Given data Block Start
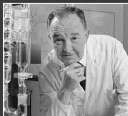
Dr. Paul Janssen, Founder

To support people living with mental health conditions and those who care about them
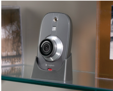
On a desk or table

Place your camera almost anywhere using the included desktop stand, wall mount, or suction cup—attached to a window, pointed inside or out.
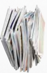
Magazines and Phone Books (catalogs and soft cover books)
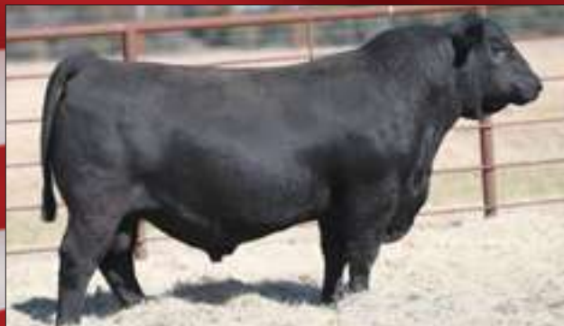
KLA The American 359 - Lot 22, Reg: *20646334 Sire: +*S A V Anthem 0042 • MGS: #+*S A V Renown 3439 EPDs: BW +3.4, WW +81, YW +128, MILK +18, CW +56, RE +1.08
Given data Block End
Given data Block Start
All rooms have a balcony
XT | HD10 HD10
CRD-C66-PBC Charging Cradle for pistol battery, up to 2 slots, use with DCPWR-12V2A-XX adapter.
Given data Block End
Exercise prompt: Your answer should be the exact lines above from the one containing "Magazines and Phone" through the one containing "KLA The American", with both end lines kept and the pictures removed, please.

Exercise output:
Magazines and Phone Books (catalogs and soft cover books)
KLA The American 359 - Lot 22, Reg: *20646334 Sire: +*S A V Anthem 0042 • MGS: #+*S A V Renown 3439 EPDs: BW +3.4, WW +81, YW +128, MILK +18, CW +56, RE +1.08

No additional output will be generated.